Google's network of undersea cables is growing.

The Web giant on Tuesday announced plans to commission three new subsea cables in 2019 as part of a plan to expand its cloud computing infrastructure. Google is also gearing up to open new Cloud Platform regions in the Netherlands, Montreal, Los Angeles, Finland, and Hong Kong this year.

The new cables include Curie, which will link Chile to Los Angeles; Havfrue, connecting the US to Denmark and Ireland; and the Hong-Kong-Guam (HK-G) cable system, linking up "major subsea communication hubs in Asia," Google's Vice President for 24/7 Operations Ben Treynor Sloss wrote in a blog post. Curie, named after the scientist Marie Curie, will be Google's own private cable, while Havfrue, which is Danish for "mermaid, and HK-G are consortium cables the company is building alongside others.

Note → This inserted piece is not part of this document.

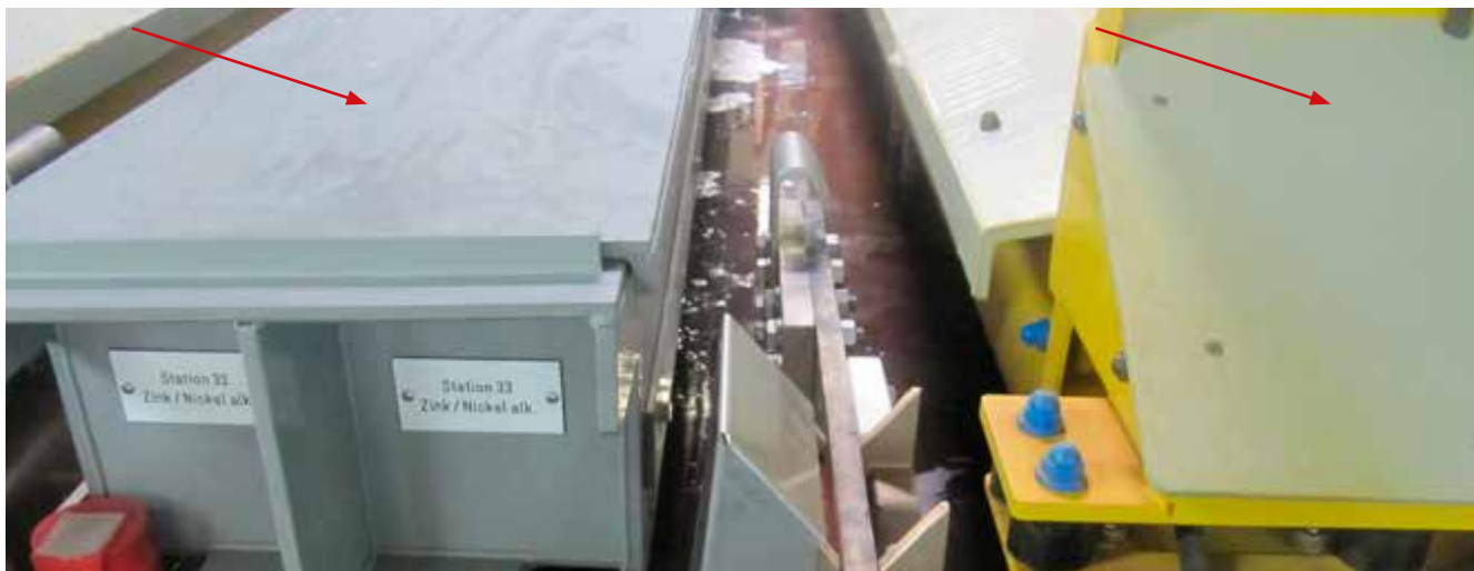
Abb. 12 Zink-Nickel-Elektrolyt mit eingehängter Trommel – Deckel zur Verbesserung der Absaugwirkung

"Together, these investments further improve our network—the world's largest—which by some accounts delivers 25 percent of worldwide internet traffic," Treynor Sloss wrote.

With Curie, Google is set to become the first major non-telecom company to build a private intercontinental cable. When operational, Curie will serve Google users across Latin America.

"Owning the cable ourselves has some distinct benefits," Treynor Sloss wrote. "Since we control the design and construction process, we can fully define the cable's technical specifications, streamline deployment and deliver service to users and customers faster. Also, once the cable is deployed, we can make routing decisions that optimize for latency and availability."

Meanwhile, Google is building Havfrue with Facebook, Aqua Comms and Bulk Infrastructure, and working with RTI-C and NEC on the HK-G cable system.

"We're excited about these improvements," Treynor Sloss wrote. "We're increasing our commitment to ensure users have the best connections in this increasingly connected world."